Dealing with a depth of emotion neither has experienced before, Sophia and Sylvain try to make a go of it in a relationship, but the differences in their upbringing, social scenes and opinions seem insurmountable. Sylvain can be prone to crass, casually racist remarks, while Sophia’s initially suppressed snobbery starts to rear its ugly head; she can’t help but sneer at his friends and family, illustrating her own ignorance, while Sylvain’s track record as a womaniser causes some concern. Their pals are perplexed by the relationship, though one (Françoise, played by Chokri herself) is inspired to start up her own affair.

The Nature Of Love is an appropriately seductive piece of cinema, one that’s intimate and convention-defying, funny, uncomfortable and disarmingly sexy. Brilliantly shot by André Turpin (IncendiesMommy), its grainy texture, warm glow and dynamic, sometimes unpredictable camera movements evoke the rule-breaking cinema of the American New Wave. Yet that was a movement dominated by men and, with a woman calling the shots here, so much about this film feels fabulously female: from its primary perspective, frank approach to women’s wants and needs, and emotional sensitivity. 

Chokri made the film as a rejection of cinema’s tendency to idealise romantic encounters and strip them of a credible social context, observing that elements such as friends, family and status have an inevitable bearing on the success of a relationship. She balances an investigation of how love pans out in practice with philosophical musings on the subject, as Sophia explains the theories of Plato and bell hooks to her students; in one sense she’s an expert on love, in another more real way she hasn’t got a clue.

This film reflects the erratic, often inconvenient nature of life, with cringeworthy pratfalls puncturing sexual tension, while one moment Sophia is masturbating in the shower and the next she’s consoling her mother-in-law about her husband’s deteriorating health.
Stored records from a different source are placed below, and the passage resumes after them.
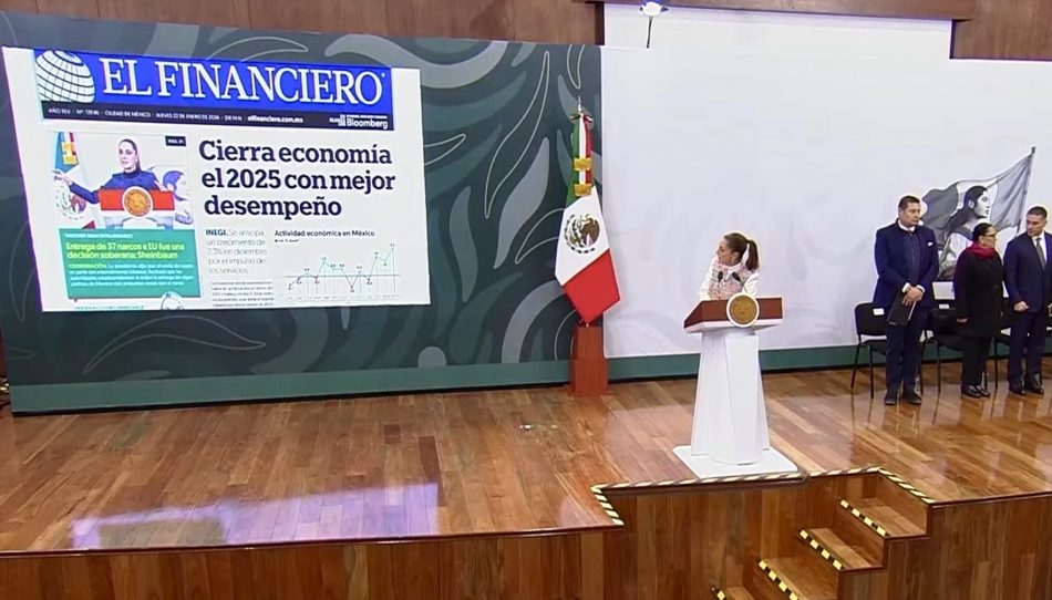Antes de iniciar su mensaje, la mandataria mostró la primera plana de un diario especializado, en la que se resalta que la economía mexicana cerrará el año con un mejor desempeño del previsto.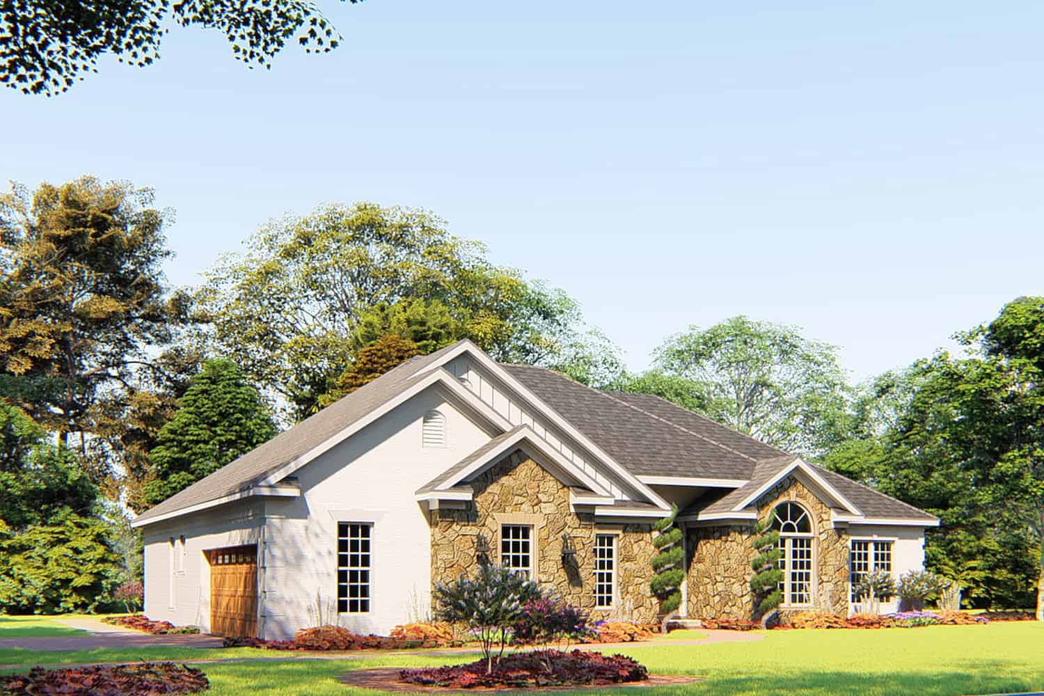 This captivating Ranch style home with Contemporary characteristics (Plan #153-1645) has 1989 square feet of finished, conditioned living space. The attractive 1-story home's floor plan includes 4 bedrooms in addition to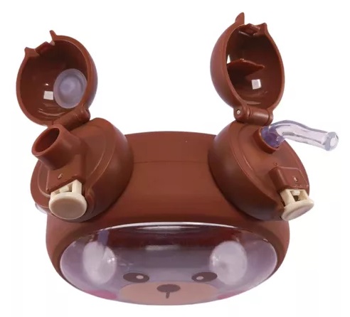 Tamanho: Aprox. Polegada 16x14,5 cm/6,3*5,7 Capacidade: 750ml Características: Tampa aberta de um botão, bocal do silicone, correia ajustável, forma bonito do urso Lista do pacote 1 garrafa d'água do urso 1 correia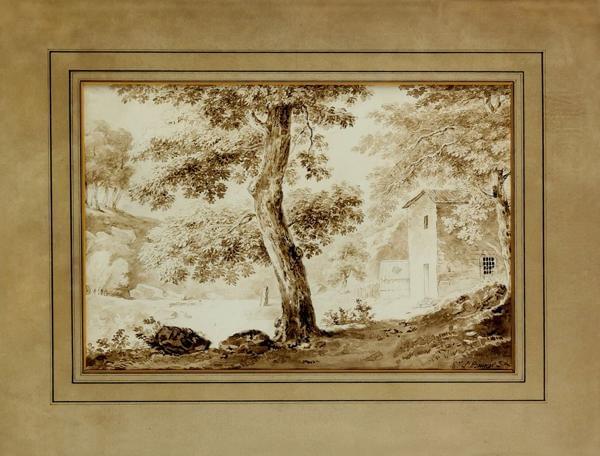 Maisonnette dans la forêt, lavis sur papier, signé L.Bauvier, 20...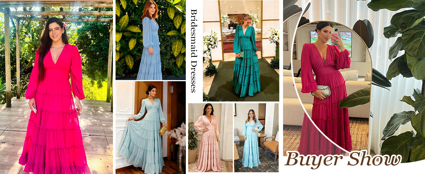 • Features: This long bridesmaid dress has long puff sleeves, ruffles, pleats, v neck, empire waist, fully lined, built-in-bra, zipper back, tiered, a line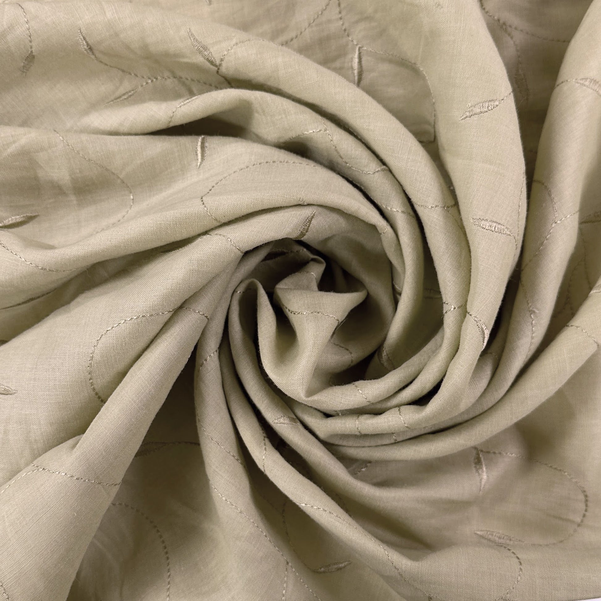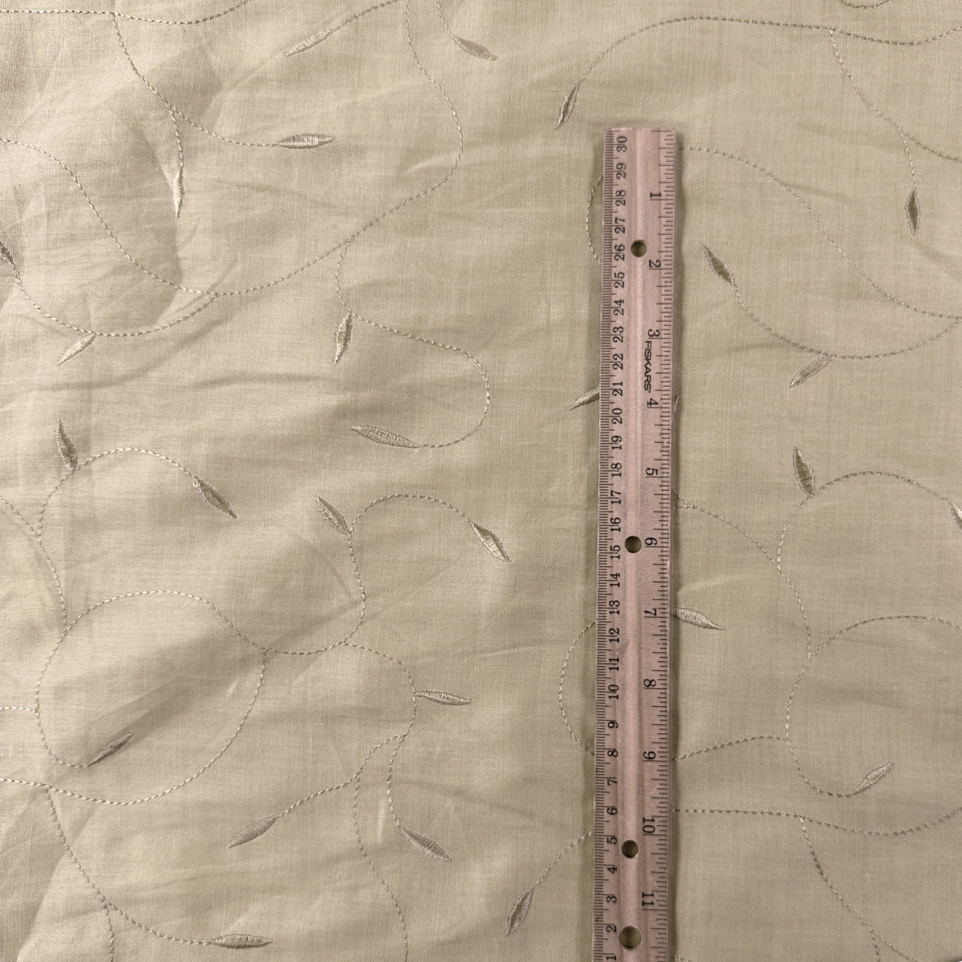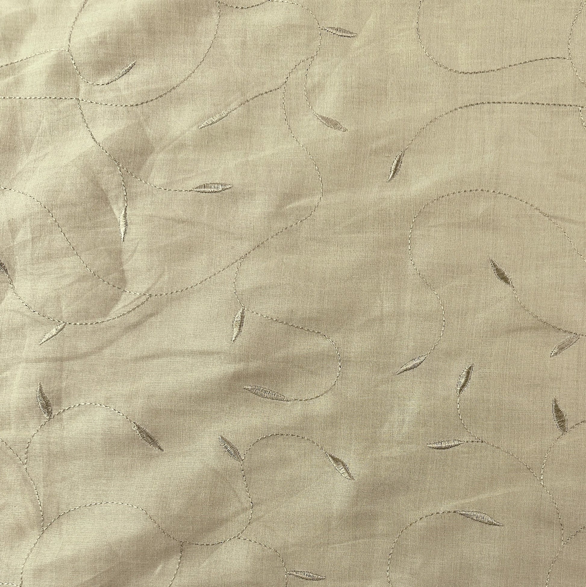 Beige Embroidered Leaves - Cotton /Linen Fabric - Film Studio Deadstock

Lead actress Lépine-Blondeau (who featured in Chokri’s debut A Brother’s Love, but may not be familiar to UK audiences) negotiates this tricky territory sublimely, showing flair for light comedy, while beautifully fleshing out Sophia’s risqué and agonising predicament, with her and the charismatic Cardinal sharing genuine chemistry.

Although The Nature Of Love adopts a non-judgemental approach to adultery, there’s plenty of judgement on display elsewhere. Despite its North American setting, the observations it makes about social barriers will resonate in class-obsessed Britain, and it’s an interesting film to view during such a polarised time politically. It’s fascinating to observe how Sophia can surrender to her sexual urges and throw her future up in the air but cannot deny who she is underneath it all.

As the title suggests, Chokri is attempting to crack one of the most difficult and significant subjects of them all. Using her intellectually curious and sexually courageous protagonist as a mouthpiece, she weighs up the physical, social and emotional factors at play, asking what love is and whether it can ever be enough.

The Nature Of Love is in cinemas from Friday 5 July.